"Out of the smoke, holiday overcast / Saw you from the windshield on the overpass / An empty next couple pose for a shot / She wore a fur coat and a glittery top..."
I suppose a lot of songs tell stories although many do not, they instead express words and melodies (poetic or not) that might be tied to vague imagery that pushes the listener's emotional buttons but not really in a story format. "Overpass" does both really but the dense storytelling is just overflowing. Halifax folk-pop duo Pillow Fite builds a story that cuts to the quick, that goes for direct storytelling over obtuse word play. Trans guitarist / singer Art Ross (they / them) crafts dioramas full of drama and broken romance inspired by seeing two absolute strangers viewed on Christmas day.
At the beginning of the song, the sonics feel glacial in temperament, a dreadfully forlorn blend of piano and synths constructed by guitarist / multi-instrumentalist Aaron Green (he/him). Art's vocal countenance is incredibly telling, magnetic, deeply soulful and heavier instrumentation wraps around their storytelling I am taken aback at how "Overpass" has sucked me into it's fray so completely.
To me, there is a 70's pop aesthetic happening and I couldn't help but think about artists like 10cc and The Carpenters through a Burt Bacharach filter.

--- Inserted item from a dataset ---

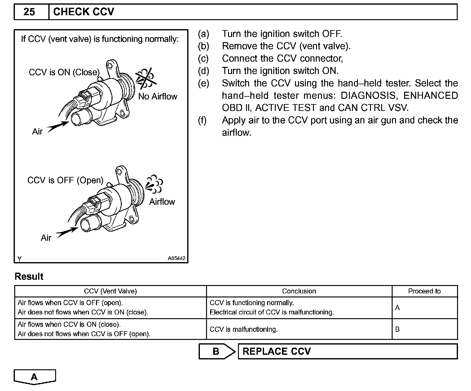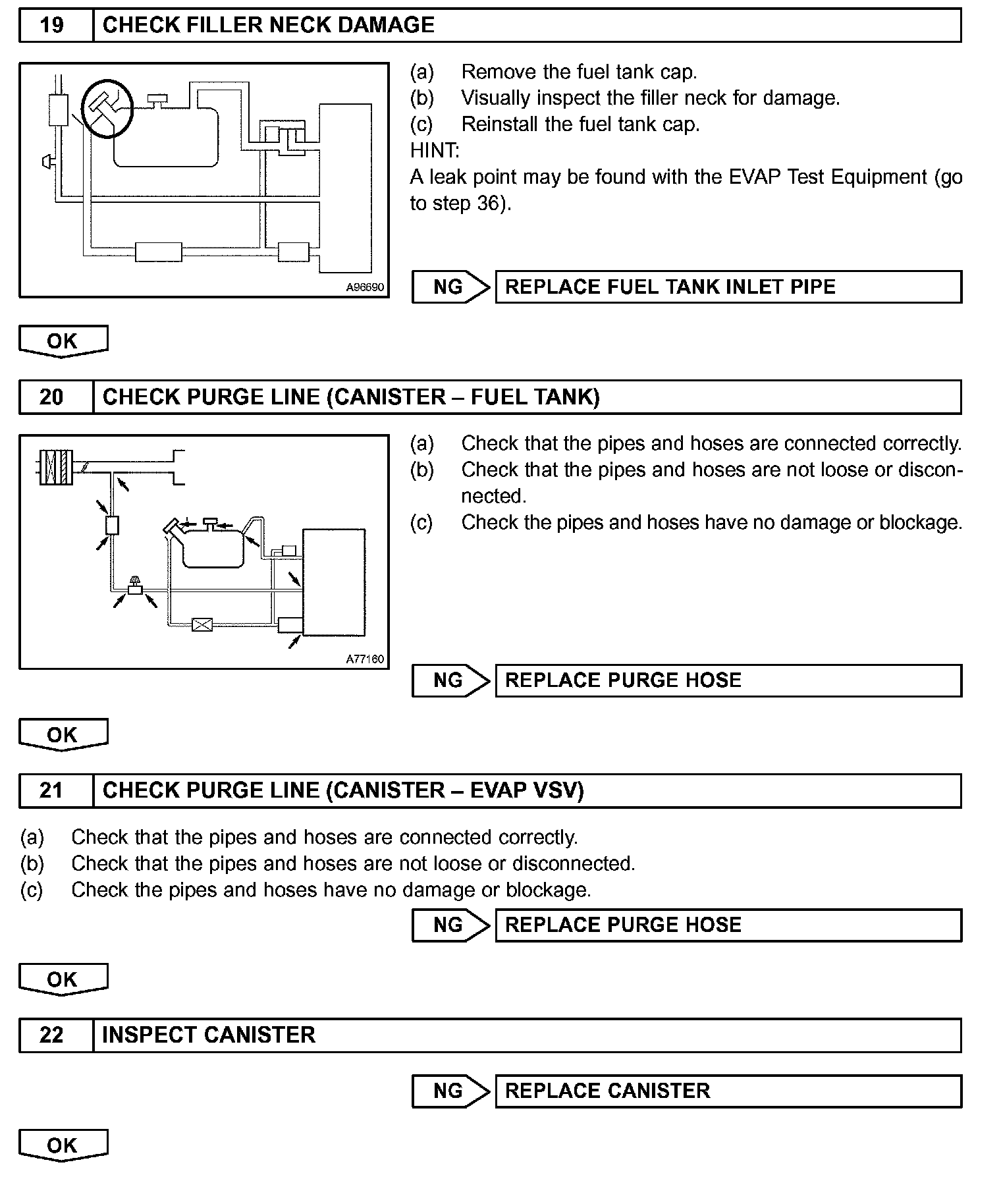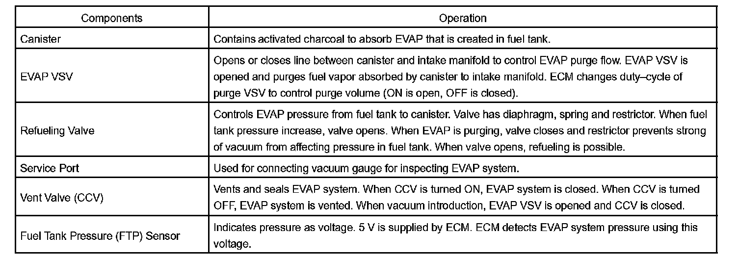 When predetermined conditions (closed loop, etc.) are met, the EVAP VSV is opened and stored fuel vapor in the canister is purged to the intake manifold. The ECM changes duty-cycle to the EVAP VSV to control purge flow volume. Purge flow volume is determined by the intake manifold pressure. Atmospheric pressure is allowed into the canister through the vent valve (CCV) to ensure that purge flow is maintained when negative pressure (vacuum) is applied to the canister. This EVAP system contains the components:

For days, weeks and especially tonight I am crushing hard on Pillow Fite as I listen to the refrain, "If this isn't love, I don't know what love is..."
"Overpass" acts as a follow-up to Pillow Fite's last single "Spilt Milk" and sustains the sonic palette introduced on the their debut EP, Flutter.
-Robb Donker Curtius
THE FACTS AS WE KNOW THEM
https://open.spotify.com/artist/4qYYUWoet5mNRpDASCnGC8
https://www.instagram.com/pillow.fite/
https://www.folkharbour.com/pillow-fite-apr-14/
Art Ross and Aaron Green come from disparate backgrounds and musical forms, meeting in the middle to comprise a band that’s tender and fierce, exuberant and gentle. Green—a veteran of the Halifax rock scene, the guitar anchor of Floodland and Hello Delaware—and Ross—a trans songwriter with an acoustic guitar—started writing songs together over text, by accident. Pillow Fite emerged publicly at the start of 2021 with its non-binary gender-subverting aesthetics already in place and a languid lead single in "Playing the Fool." Halifax, a town built on and stuck in rock music made by men, responded with supportive fervour, selling out back-to-back shows that saw the duo expand its sound with help from the scene’s most in-demand players.